Good schools, active communities and adequate services are key to attracting scientists, engineers and architects to apply for employment in a park like Olympic, she said.

Creachbaum, a self-described “evangelist” for the National Park Service, said a tightening federal budget, compounded by the across-the-board “sequester” cuts in February, means those looking to work for the Park Service will place more value on the amenities offered in cities near parks.

“You guys provide the community for that,” she said.

The park in 2011 employed 229 workers who earned $15,238,000 in wages, with money primarily spent locally, she said.

Creachbaum cited Park Service statistics that showed that 2,966,502 visitors to Olympic National Park in 2011 left a $115 million mark on businesses within 60 miles of the park.

While the park lacks final figures, attendance is about 4.6 percent higher in 2012 than it was in 2011, she said, adding that one of the main draws was the removal of the dams from the Elwha River.
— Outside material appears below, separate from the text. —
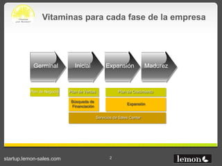 El documento presenta las "Vitaminas para Startups" de Lemon Sales, un servicio que ofrece diferentes módulos para apoyar las distintas etapas de crecimiento de una startup. Describe módulos para el plan de negocio, plan de ventas, búsqueda de financiación, crecimiento y madurez. Incluye también vitaminas específicas para la planificación de ventas, el crecimiento de las mismas y la generación de facturación al expandirse a nuevos mercados de bajo riesgo.

Work began in September 2011, with Elwha Dam demolished by March 2012 and crews resuming demolition of Glines Canyon Dam in July in the $325 Elwha River Restoration Project, the largest dam-removal project in the nation’s history.

“It’s really magnificent. And it hasn’t happened before,” Creachbaum said.

Quality lodging facilities, restaurants and amusements, she added, also are important in keeping national park visitors in the area longer.

“The longer you keep them here, the more time I have to tell them about the National Park Service,” Creachbaum said, “which is my job.”

Creachbaum said the park has not been allotted an increase to its operating budget in three years.

That was compounded by February’s sequester cuts that sliced Olympic National Park’s budget by 6 percent, or $639,000 from the $12.8 million operating budget.

“No whinin’,” she said.

To come up with the savings, the park is tending less to its landscaping, staging fewer interpretive programs, delaying opening of some seasonal roads and closing some of the smaller campgrounds.

“It costs us a lot to go around and clean the potties out,” she said.